>>

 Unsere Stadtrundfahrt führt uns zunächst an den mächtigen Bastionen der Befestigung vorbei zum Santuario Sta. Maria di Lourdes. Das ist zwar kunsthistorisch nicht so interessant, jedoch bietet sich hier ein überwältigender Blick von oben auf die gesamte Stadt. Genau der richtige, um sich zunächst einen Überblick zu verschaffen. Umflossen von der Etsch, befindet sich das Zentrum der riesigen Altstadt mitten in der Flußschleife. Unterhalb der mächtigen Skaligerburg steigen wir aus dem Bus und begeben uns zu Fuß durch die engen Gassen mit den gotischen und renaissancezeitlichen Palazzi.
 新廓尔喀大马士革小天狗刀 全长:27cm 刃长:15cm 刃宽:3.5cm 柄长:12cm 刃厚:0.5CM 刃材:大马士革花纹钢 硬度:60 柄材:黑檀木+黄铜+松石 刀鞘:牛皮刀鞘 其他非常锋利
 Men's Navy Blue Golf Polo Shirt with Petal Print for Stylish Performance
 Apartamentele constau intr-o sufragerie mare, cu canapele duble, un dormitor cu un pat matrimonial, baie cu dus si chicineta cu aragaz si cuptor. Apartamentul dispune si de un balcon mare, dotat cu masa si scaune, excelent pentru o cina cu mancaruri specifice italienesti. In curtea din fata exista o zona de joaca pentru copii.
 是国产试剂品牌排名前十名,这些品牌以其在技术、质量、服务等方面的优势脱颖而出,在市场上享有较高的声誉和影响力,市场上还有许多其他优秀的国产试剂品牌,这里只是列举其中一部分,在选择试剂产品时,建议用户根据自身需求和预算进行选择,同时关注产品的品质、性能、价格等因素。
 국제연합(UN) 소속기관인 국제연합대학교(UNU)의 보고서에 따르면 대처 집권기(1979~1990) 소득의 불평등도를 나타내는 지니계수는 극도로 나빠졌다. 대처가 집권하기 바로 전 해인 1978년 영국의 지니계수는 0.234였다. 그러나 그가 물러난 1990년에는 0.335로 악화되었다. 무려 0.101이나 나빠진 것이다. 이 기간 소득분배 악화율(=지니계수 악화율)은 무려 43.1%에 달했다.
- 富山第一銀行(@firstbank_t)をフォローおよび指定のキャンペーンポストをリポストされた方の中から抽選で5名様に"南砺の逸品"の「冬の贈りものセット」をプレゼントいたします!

<<
>>

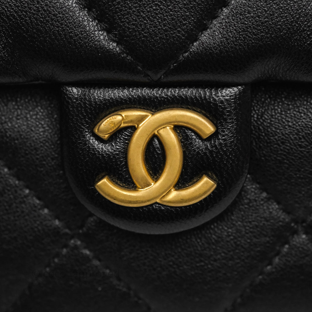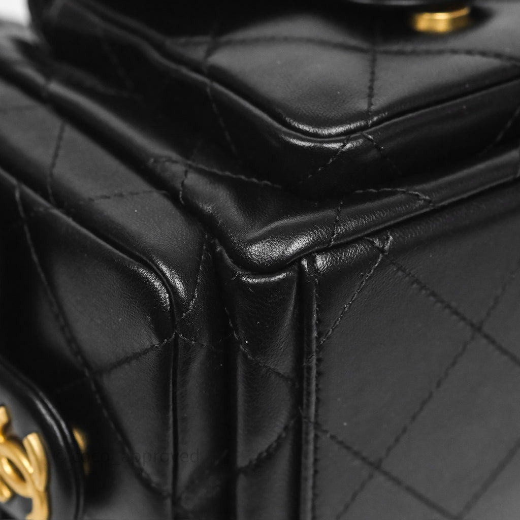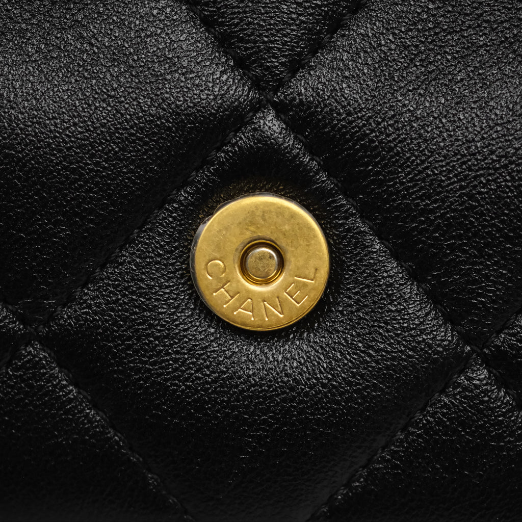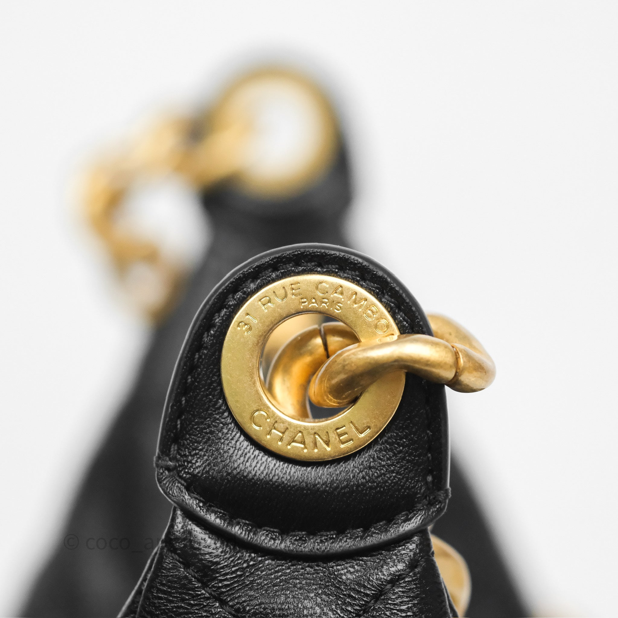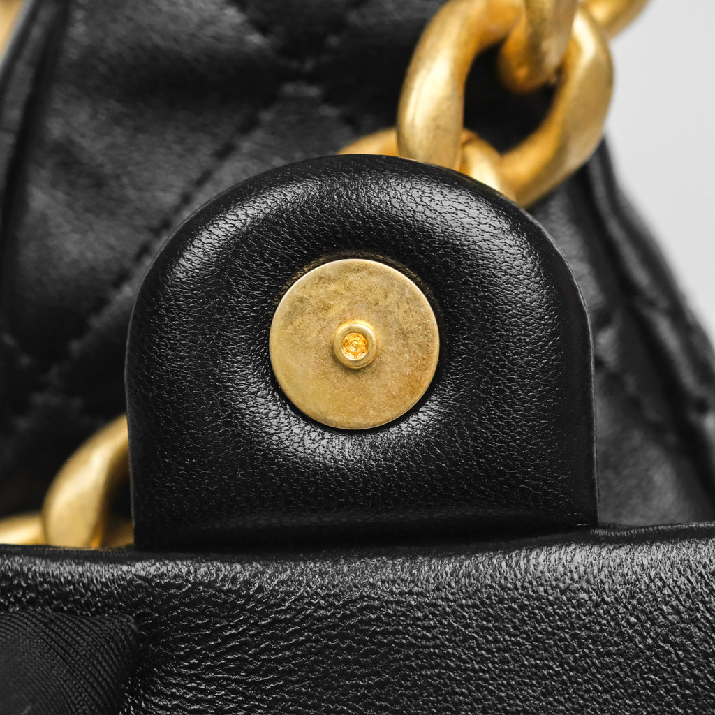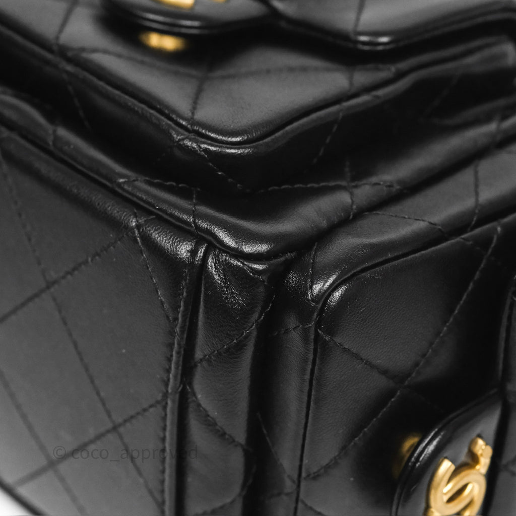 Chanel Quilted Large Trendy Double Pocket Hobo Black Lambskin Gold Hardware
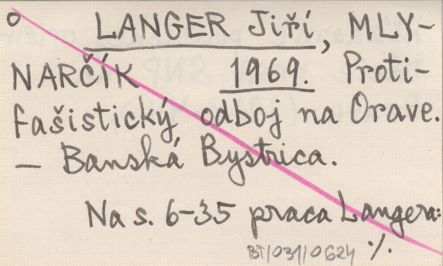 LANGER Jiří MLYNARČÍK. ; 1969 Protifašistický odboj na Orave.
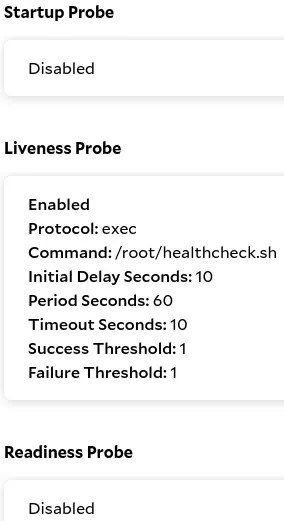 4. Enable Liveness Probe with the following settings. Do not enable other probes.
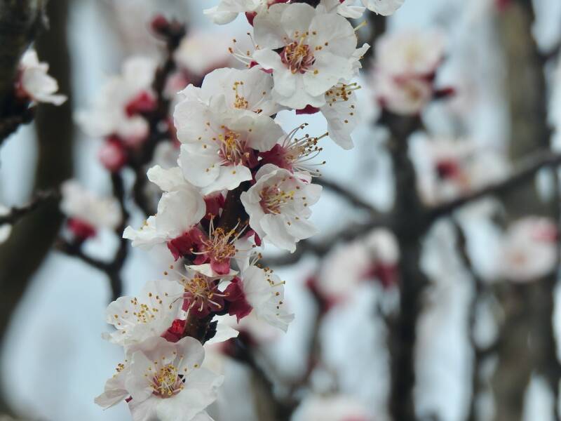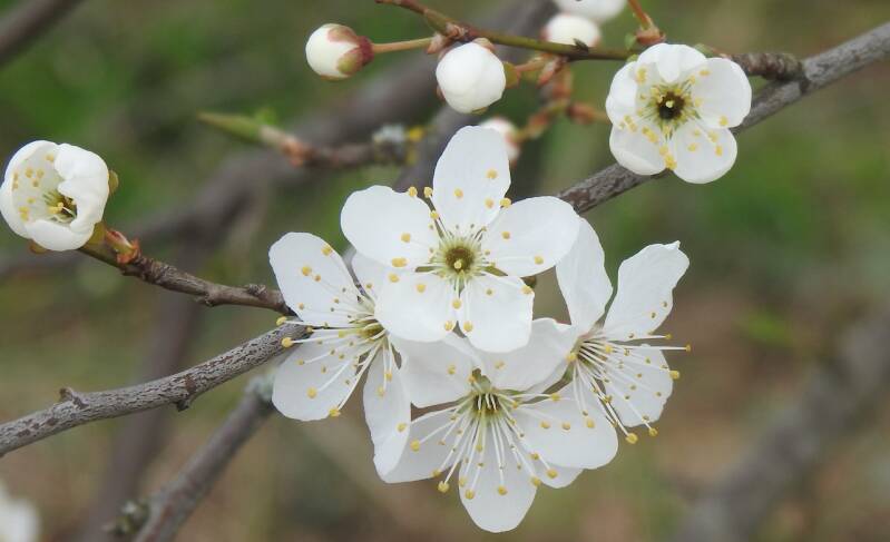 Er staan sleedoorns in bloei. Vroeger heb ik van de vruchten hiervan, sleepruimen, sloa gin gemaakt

<<

Would you please copy exactly the part of the entries above that begins at the line containing "Unsere Stadtrundfahrt führt" and ends at the line containing "是国产试剂品牌排名前十名,这", both lines included?

 Unsere Stadtrundfahrt führt uns zunächst an den mächtigen Bastionen der Befestigung vorbei zum Santuario Sta. Maria di Lourdes. Das ist zwar kunsthistorisch nicht so interessant, jedoch bietet sich hier ein überwältigender Blick von oben auf die gesamte Stadt. Genau der richtige, um sich zunächst einen Überblick zu verschaffen. Umflossen von der Etsch, befindet sich das Zentrum der riesigen Altstadt mitten in der Flußschleife. Unterhalb der mächtigen Skaligerburg steigen wir aus dem Bus und begeben uns zu Fuß durch die engen Gassen mit den gotischen und renaissancezeitlichen Palazzi.
 新廓尔喀大马士革小天狗刀 全长:27cm 刃长:15cm 刃宽:3.5cm 柄长:12cm 刃厚:0.5CM 刃材:大马士革花纹钢 硬度:60 柄材:黑檀木+黄铜+松石 刀鞘:牛皮刀鞘 其他非常锋利
 Men's Navy Blue Golf Polo Shirt with Petal Print for Stylish Performance
 Apartamentele constau intr-o sufragerie mare, cu canapele duble, un dormitor cu un pat matrimonial, baie cu dus si chicineta cu aragaz si cuptor. Apartamentul dispune si de un balcon mare, dotat cu masa si scaune, excelent pentru o cina cu mancaruri specifice italienesti. In curtea din fata exista o zona de joaca pentru copii.
 是国产试剂品牌排名前十名,这些品牌以其在技术、质量、服务等方面的优势脱颖而出,在市场上享有较高的声誉和影响力,市场上还有许多其他优秀的国产试剂品牌,这里只是列举其中一部分,在选择试剂产品时,建议用户根据自身需求和预算进行选择,同时关注产品的品质、性能、价格等因素。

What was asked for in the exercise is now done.